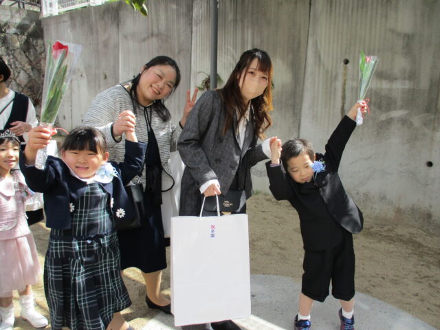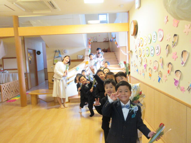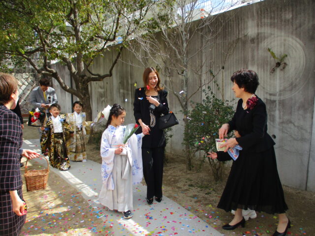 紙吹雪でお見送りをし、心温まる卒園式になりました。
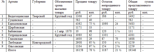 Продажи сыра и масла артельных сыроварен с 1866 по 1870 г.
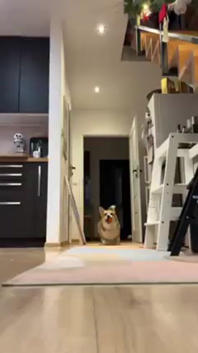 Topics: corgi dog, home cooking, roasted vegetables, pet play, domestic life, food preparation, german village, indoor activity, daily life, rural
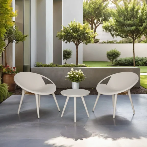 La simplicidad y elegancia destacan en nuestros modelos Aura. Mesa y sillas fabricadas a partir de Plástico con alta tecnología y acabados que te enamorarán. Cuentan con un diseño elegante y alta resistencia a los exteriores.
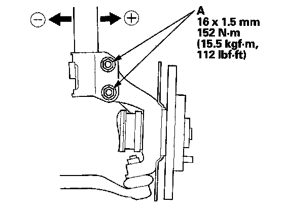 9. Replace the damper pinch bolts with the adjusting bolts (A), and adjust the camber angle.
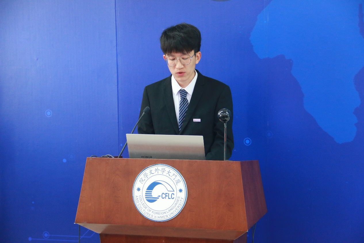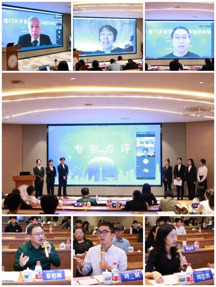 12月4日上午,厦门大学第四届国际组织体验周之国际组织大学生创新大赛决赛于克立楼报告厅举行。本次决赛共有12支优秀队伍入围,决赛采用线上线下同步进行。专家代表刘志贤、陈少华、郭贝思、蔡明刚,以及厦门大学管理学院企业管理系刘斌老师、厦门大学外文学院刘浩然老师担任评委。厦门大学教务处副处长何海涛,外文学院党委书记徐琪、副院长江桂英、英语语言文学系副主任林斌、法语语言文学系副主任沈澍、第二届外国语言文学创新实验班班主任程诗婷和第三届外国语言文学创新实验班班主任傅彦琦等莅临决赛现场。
---
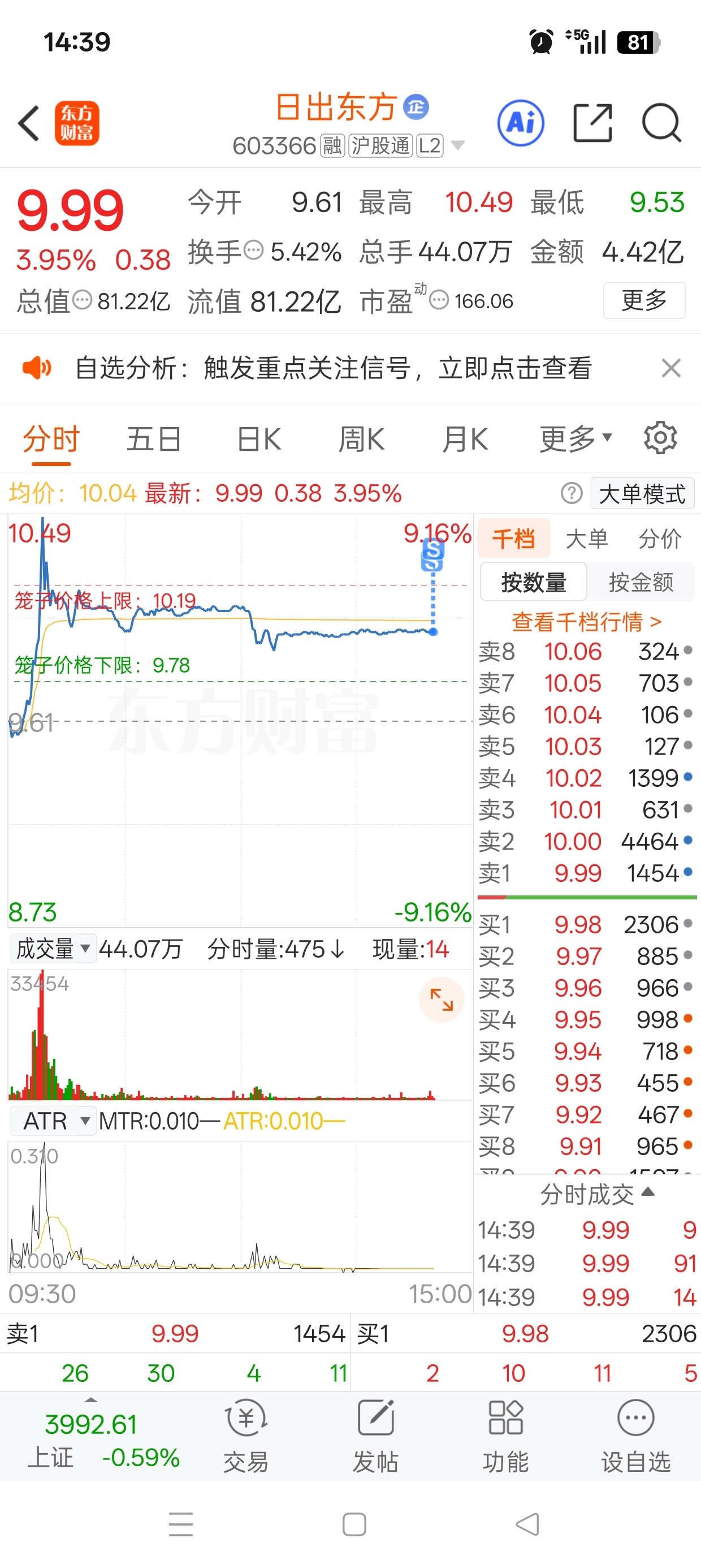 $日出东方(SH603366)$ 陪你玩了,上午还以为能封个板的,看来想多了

[Task goal]
Go to the line above holding "Topics: corgi dog, home", then copy exactly each line down to and including the one holding "9. Replace the", leaving pictures out.

[Answer section]
 Topics: corgi dog, home cooking, roasted vegetables, pet play, domestic life, food preparation, german village, indoor activity, daily life, rural
 La simplicidad y elegancia destacan en nuestros modelos Aura. Mesa y sillas fabricadas a partir de Plástico con alta tecnología y acabados que te enamorarán. Cuentan con un diseño elegante y alta resistencia a los exteriores.
 9. Replace the damper pinch bolts with the adjusting bolts (A), and adjust the camber angle.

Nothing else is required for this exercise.